Progress – Not Perfection

The recovery process for an SCI survivor is often gradual, long and unpredictable. First, we must consider the remarkable advancements that have been made over the last several decades. Up until about 50 years ago, few people survived spinal cord injuries. Therefore, those who have survived, even in this day and age, are already well on their road to recovery. SCI patients can achieve improved functionality through rehabilitation hospitals and facilities, thanks to medical research; patient education programs; and advances in physical, occupational, recreational, and speech therapy. What may seem like minimal recovery progress to others, is significant progress to the patient in terms of adapting to physical limitations with training, aids, and equipment, and regaining functionality for daily activities and tasks.

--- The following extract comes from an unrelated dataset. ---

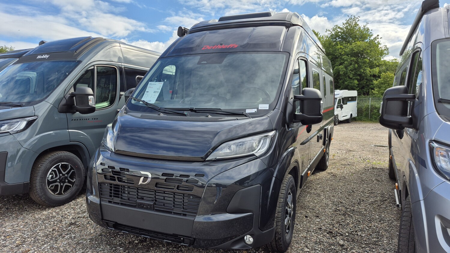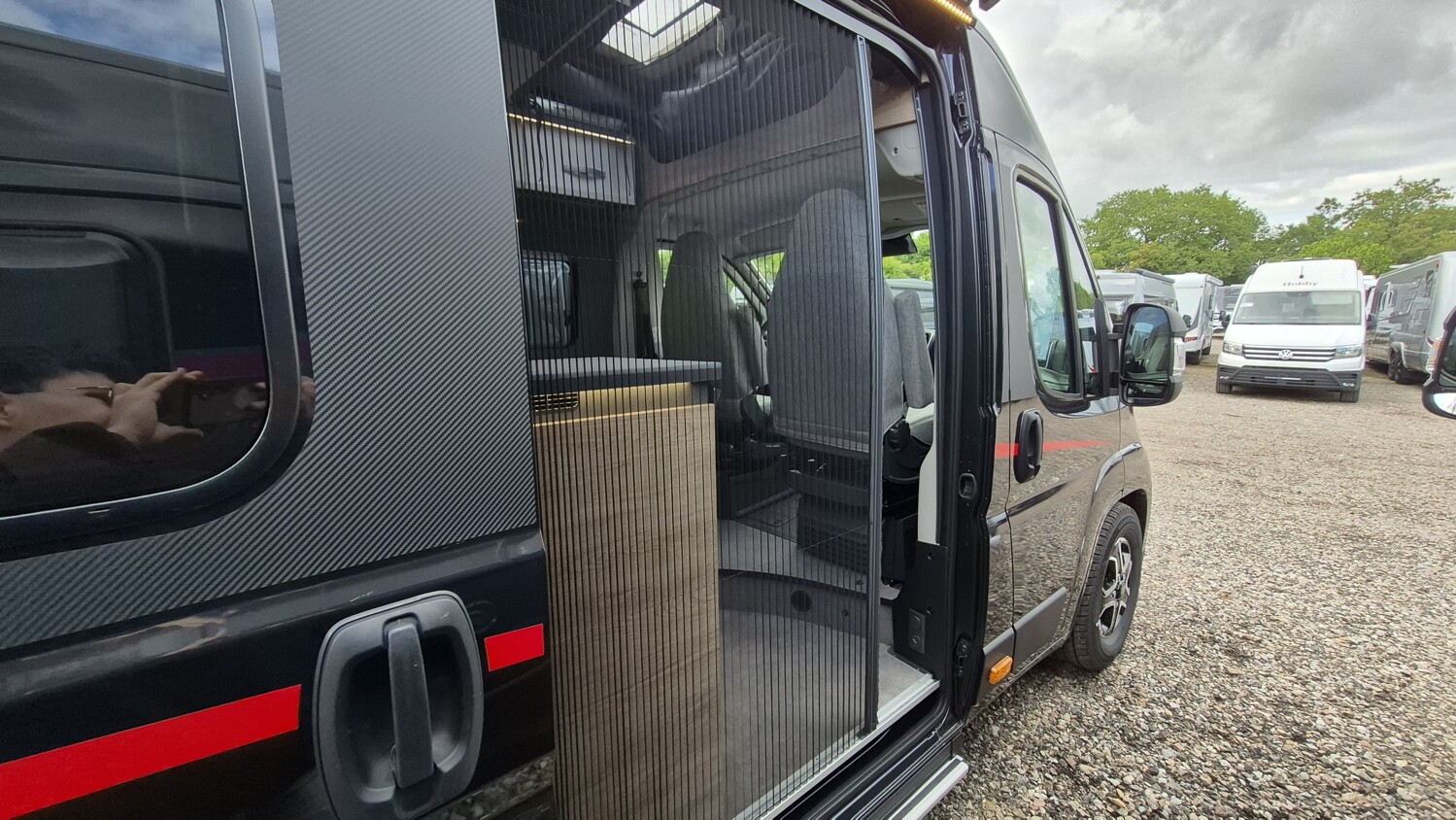 - Aufstelldach schwarz, vorne komplett zu öffnen inkl. elektrischem Schließassistenten, Fliegengitter, Schwanenhalsleuchte und USB-Steckdose, mit hochwertiger Matratze
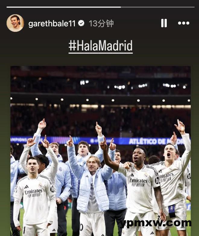 皇家马德里在欧冠1/8决赛淘汰马德里竞技晋级下一轮,昔日旧将贝尔更新社交媒体为皇马送上了祝贺。

Throughout his journey, Paul has remained steadfast in his faith and is eternally grateful for each new day God gives him. Recovery certainly has not been a cakewalk, but he continues to make remarkable progress – thanks to Shepherd Center’s Spinal Cord Injury Day Program, as well as their outpatient rehabilitation services. “The following Scripture found in 1 Thessalonians 5:16-18 helped me to remain hopeful throughout my recovery: ‘Rejoice always, pray without ceasing, give thanks in all circumstances; for this is God’s will for you in Christ Jesus,’” Paul says.


Below is a timeline of Paul’s extraordinary journey:



As a neighbor and friend of the Martins, I have witnessed God’s miraculous work in Paul’s life over the last few years. From the power wheelchair and the walker, to walking sticks and walking without aids, I have seen his tremendous recovery in action. Unbeknownst to him, watching his transformation firsthand has helped me to overcome many of my own battles; he is a powerful reminder that we serve a great God who is able to do immeasurably more than we could ask or imagine.


When asked about the key factors of SCI recovery, Paul provided the following list. Not surprisingly, this list aligns beautifully with recovery from addiction and other mental health disorders. I continue to be amazed at Paul’s positive attitude, big smile, and sheer determination to find joy in every moment. While he certainly did not expect such a life-changing accident that rendered him temporarily paralyzed almost four years ago, he most definitely has been blessed by a tremendous recovery that has rendered the rest of us speechless.

5 Essential Factors for Recovery

by Paul Martin



1) ATTITUDE

Be positive! The key ingredients for maintaining a positive attitude include:

  • Don’t dwell on the past.

  • Don’t worry about the future.

  • Get through each day, moment by moment, with an attitude of gratitude.


2) FAMILY & FRIENDS

The loving, sacrificial caregiving of my wife has been instrumental to my continuing recovery. Graciously accept the support, encouragement, assistance, and love of your spouse or loved one, your family and your friends. You don’t have to go through this alone.


3) FAITH

Have faith in God, through a personal relationship with Jesus Christ. This has sustained me through my recovery process. Asking for God’s forgiveness, believing in Jesus’ saving grace, and trusting Him as Lord and Savior has not only given me peace in dealing with my injury, but has helped me understand God’s purpose for my life going forward as well. This peace is available to everyone!




4) PRAYER

Rely on the power of prayer. It’s an amazing thing! Many prayers offered to God for my recovery by my wife, family, neighbors, long-time friends, and church friends have been heard – and answered – by our great God. He can do impossible things!

5) REHAB & THERAPY

I was very fortunate to receive the best available rehabilitation and therapy at Shepherd Center’s inpatient, day, and outpatient programs. Get the best medical, therapeutic rehabilitation care, and/or counseling that is available to you and your loved ones.